[Supplied entries — start]

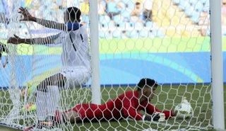 فريد شعال حارس مرمى المنتخب الجزائري الأوليمبي يرتكب خطأ فادحًا في مواجهة المنتخب الهندوراسي ويكلف بلاده هدفًا.
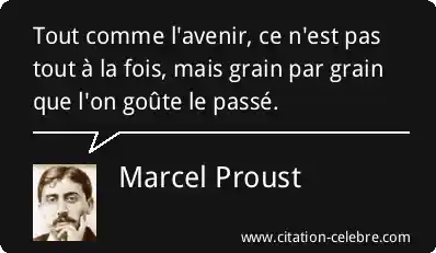 Tout comme l'avenir, ce n'est pas tout à la fois, mais grain par grain que l'on goûte le passé.
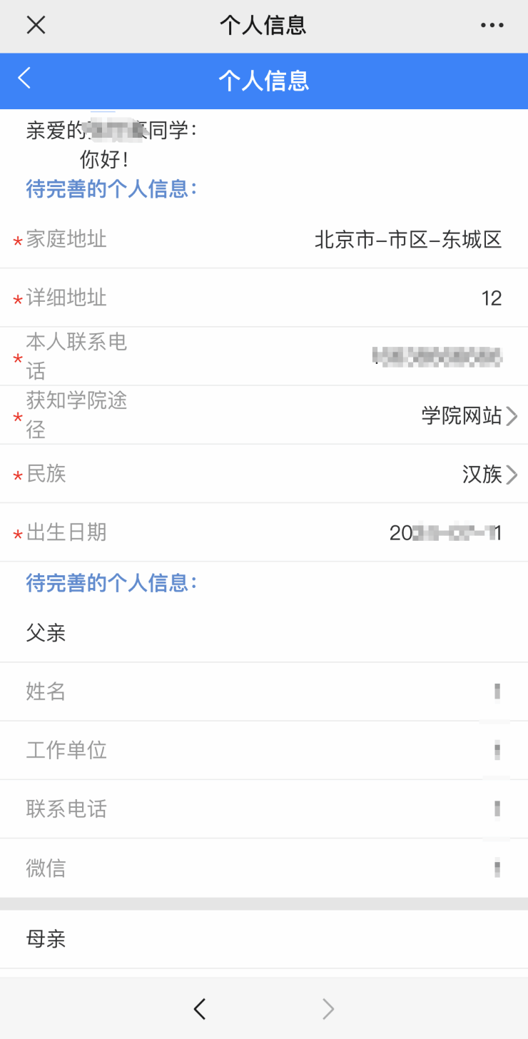 5.个人信息:学生需完善自己的个人信息,需要将带*号的填写完成,并且至少填写一位自己监护人的信息,确认无误之后,点击“提交”按钮。
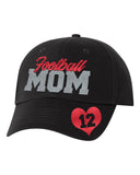 Football Mom Glitter Hat with Option Player # Heart Graphic
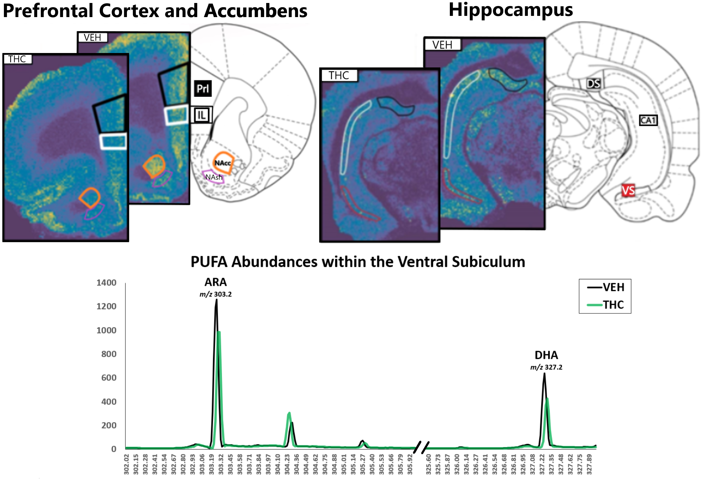 Fig. 1. MADLI-IMS reveals prenatal THC induces cortical lipidome disturbances. VEH vs. THC for DHA in PFC (Prl and Il), NAc (NAcc and NAsh [14]), and hippocampal formation (VS, DS, and CA1).
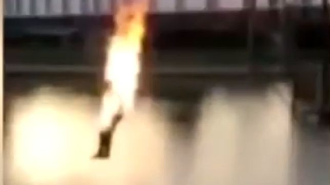 Nas imagens é possível ver não só o momento no qual os jovens enchem as roupas de gasolina, como também quando eles pulam de uma altura de pouco mais de seis metros.

[Supplied entries — finish]

What you have to do -> Copy the listing above exactly, minus the pictures.

Written reply ->
 فريد شعال حارس مرمى المنتخب الجزائري الأوليمبي يرتكب خطأ فادحًا في مواجهة المنتخب الهندوراسي ويكلف بلاده هدفًا.
 Tout comme l'avenir, ce n'est pas tout à la fois, mais grain par grain que l'on goûte le passé.
 5.个人信息:学生需完善自己的个人信息,需要将带*号的填写完成,并且至少填写一位自己监护人的信息,确认无误之后,点击“提交”按钮。
 Football Mom Glitter Hat with Option Player # Heart Graphic
 Fig. 1. MADLI-IMS reveals prenatal THC induces cortical lipidome disturbances. VEH vs. THC for DHA in PFC (Prl and Il), NAc (NAcc and NAsh [14]), and hippocampal formation (VS, DS, and CA1).
 Nas imagens é possível ver não só o momento no qual os jovens enchem as roupas de gasolina, como também quando eles pulam de uma altura de pouco mais de seis metros.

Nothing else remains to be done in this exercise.